Document 1 : Discours d'investiture de Pierre Mendès France devant l'Assemblée nationale, 18 juin 1954
Le Gouvernement démissionnaire a demandé les pouvoirs spéciaux. Le Parlement les lui a refusés. Il a bien fait. La politique du pays ne peut être dirigée dans le secret. Le Parlement doit en connaître. Il a le droit et le devoir d'exercer le contrôle qui est sa raison d'être essentielle. [...]

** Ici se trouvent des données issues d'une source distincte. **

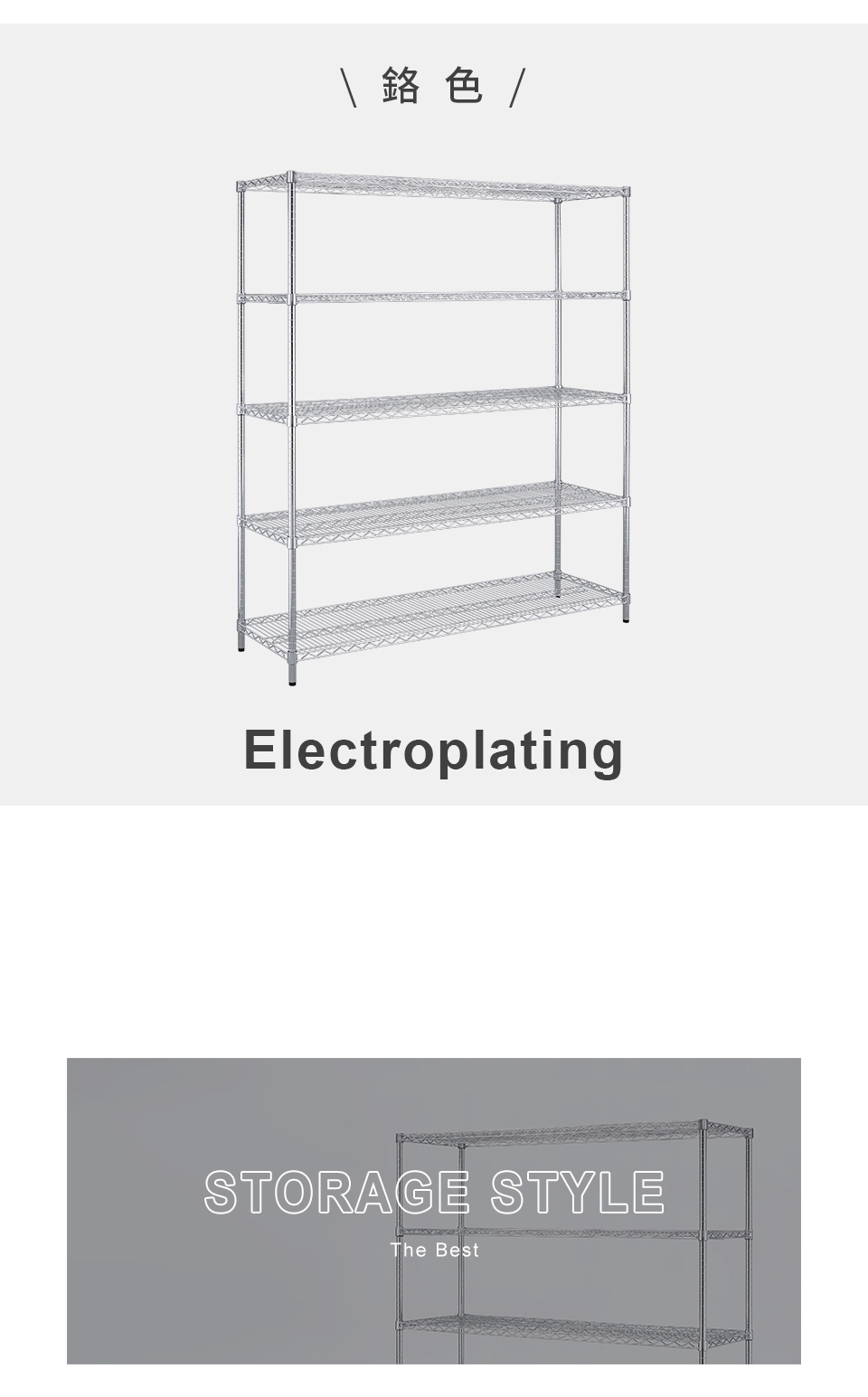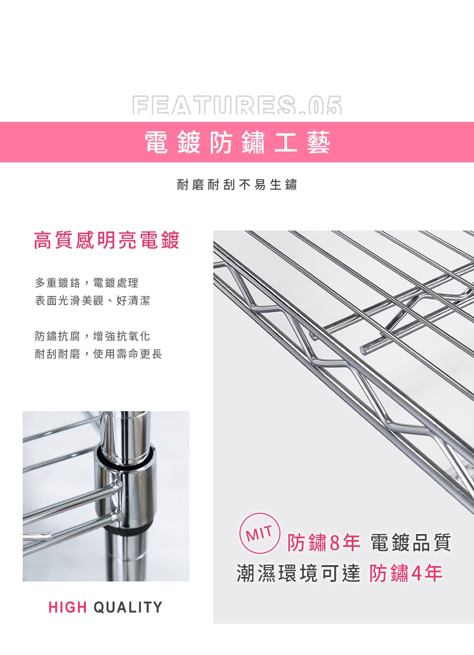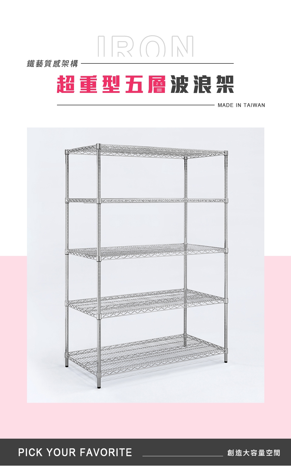 質感鐵力士層架,嚴選MIT中鋼鐵材,表面多重鍍銘、電鍍處理,呈現高質感明亮色澤,防鏽抗腐蝕、承重力強,堅固耐用!

Un pays comme le nôtre ne se gouverne pas en dissimulant la vérité à ses citoyens. Un pays comme le nôtre ne se gouverne pas sans la confiance de ses citoyens, confiance qui ne peut naître que de la vérité. Un pays comme le nôtre ne se conduit pas en cédant à la facilité. [...]
C'est le régime parlementaire qui est le meilleur, parce qu'il est le plus efficace, pourvu qu'il soit authentique. Mais il n'est authentique que s'il y a un gouvernement qui gouverne, et un Parlement qui contrôle, sans empiéter sur le domaine du gouvernement, ni le paralyser par une méfiance a priori. Le gouvernement que je constituerai sera et ne pourra être que celui de l'Assemblée tout entière.

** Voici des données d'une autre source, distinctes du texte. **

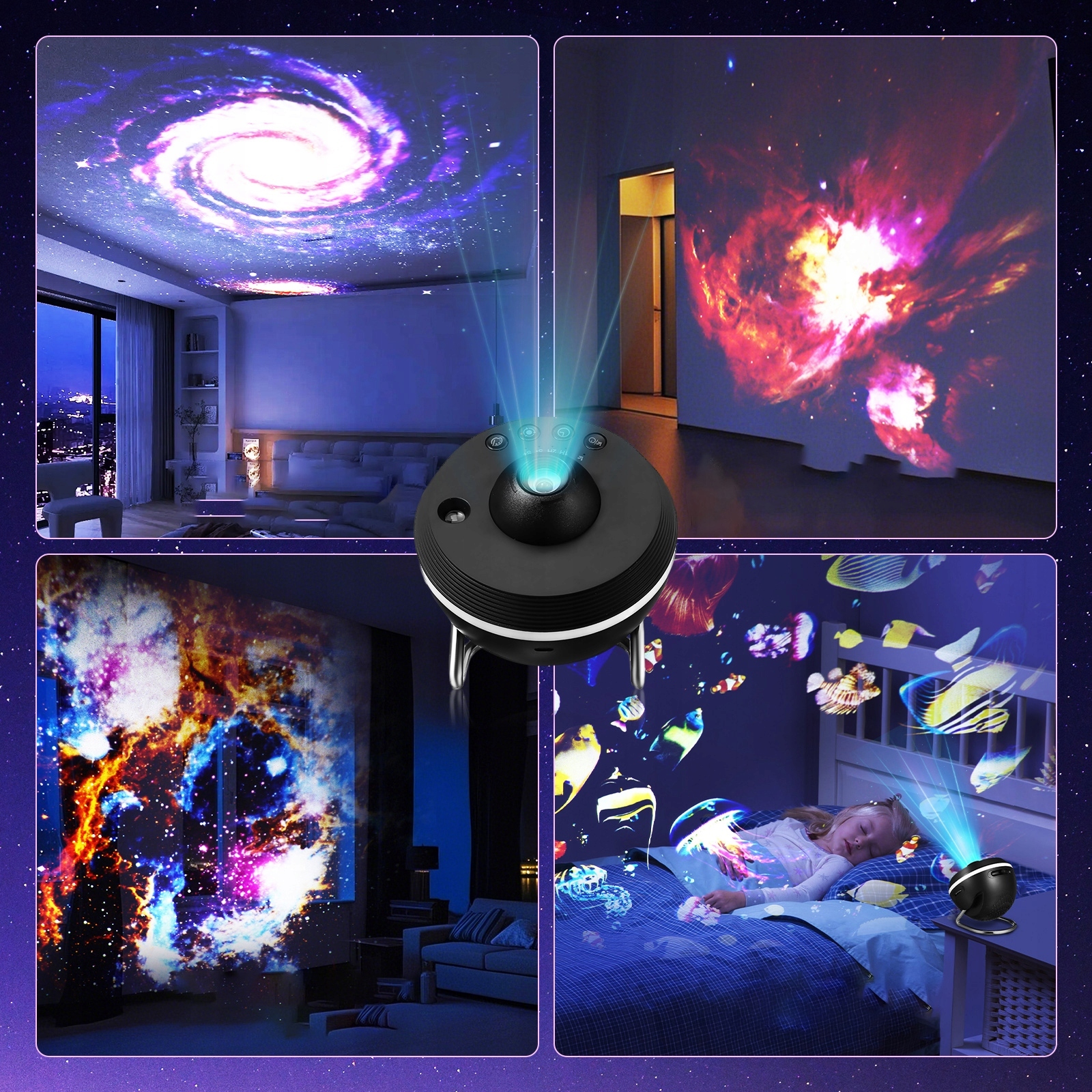 ✅ Полный контроль над визуальным эффектом b> - способность регулировать угол проекции позволяет получить идеальное изображение на потолке, стене или другой поверхности, обеспечивая еще более привыкающие впечатления. в разные комнаты, независимо от их размера и макета. Он работает как в спальне, так и в детской комнате.

Source : Extrait du discours d'investiture de Pierre Mendès France, 18 juin 1954.
Document 2 : Discours de Charles de Gaulle à Bayeux, 16 juin 1946
Du Parlement, composé de deux Chambres et exerçant le pouvoir législatif, il va de soi que le pouvoir exécutif ne saurait procéder, sous peine d'aboutir à cette confusion des pouvoirs dans laquelle le Gouvernement ne serait bientôt plus rien qu'un assemblage de délégations. Sans doute aura-t-il fallu, pour mener à bien les réformes profondes, que le pouvoir exécutif fût solide et que l'Assemblée nationale fût consentante. Mais ce serait attenter à la souveraineté du peuple que de vouloir, hors de circonstances exceptionnelles, plier un Parlement aux volontés d'un homme.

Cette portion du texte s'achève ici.